Review of America Is Not The Heart by Elaine Castillo (USA: Penguin Books, 2019)
by Jocelyn Suarez

“Baggage means no matter how far you go, no matter how many times you immigrate, there are countries in you you’ll never leave.”—Elaine Castillo

The title of Elaine Castillo’s debut novel grabs you and, if you’re part of the Filipino diaspora, it kicks you in the gut. For as long as I can remember, America has been placed on a pedestal by many Filipino families, mine included. The story goes, with invincible confidence, that America, the land of freedom and opportunities, is the one sure-fire path to a better future. The greatest measure of success is to be able to write one’s story in the fabled book of The American Dream.

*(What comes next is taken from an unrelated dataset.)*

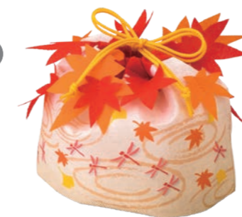
もみじ巾着 波紋とんぼF P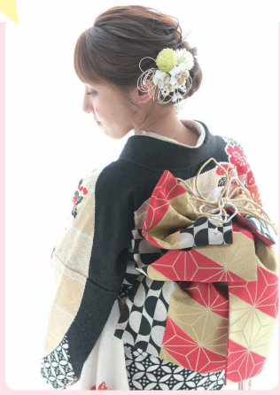
お嬢様からのメッセージ キレイな振袖を着させてくれてありがとう。

The prologue of America Is Not The Heart, delivered in fluent and powerful second-person, portrays a life familiar to many Filipinos: Paz—born poor, plain, but resourceful—becomes a nurse; gets a job in America; naturalizes as American citizen; and works 12-hour shifts every day so that she can move her whole family to America. It harks back to every successful Overseas Filipino Worker (OFW) story ever told, defined by effective transplantation from the home country to a better, shinier destination. Through a series of not small sacrifices (from discrimination to heartbreak to resignation), much in the same way that a new liver or kidney goes through years of drug therapy and transfusions to become a part of a new body, Paz’s struggles find fruition in the birth of her daughter, Roni, her beloved only child and true-blue American. Castillo describes every OFW in Paz: “You know what you really are—before being loved, before being missed. You’re a pathway.” Her story is so accurate and poignant that it is almost a shame that she is not further developed in the rest of the novel, although she remains a vital secondary character. But it is for good reason. Paz’s story is a story that has been told over and over, by movies and well-meaning elders. It is reminiscent of Carlos Bulosan’s seminal novel about the immigrant Filipino-American experience, America Is in the Heart, which Castillo briefly defers to and then gracefully moves past.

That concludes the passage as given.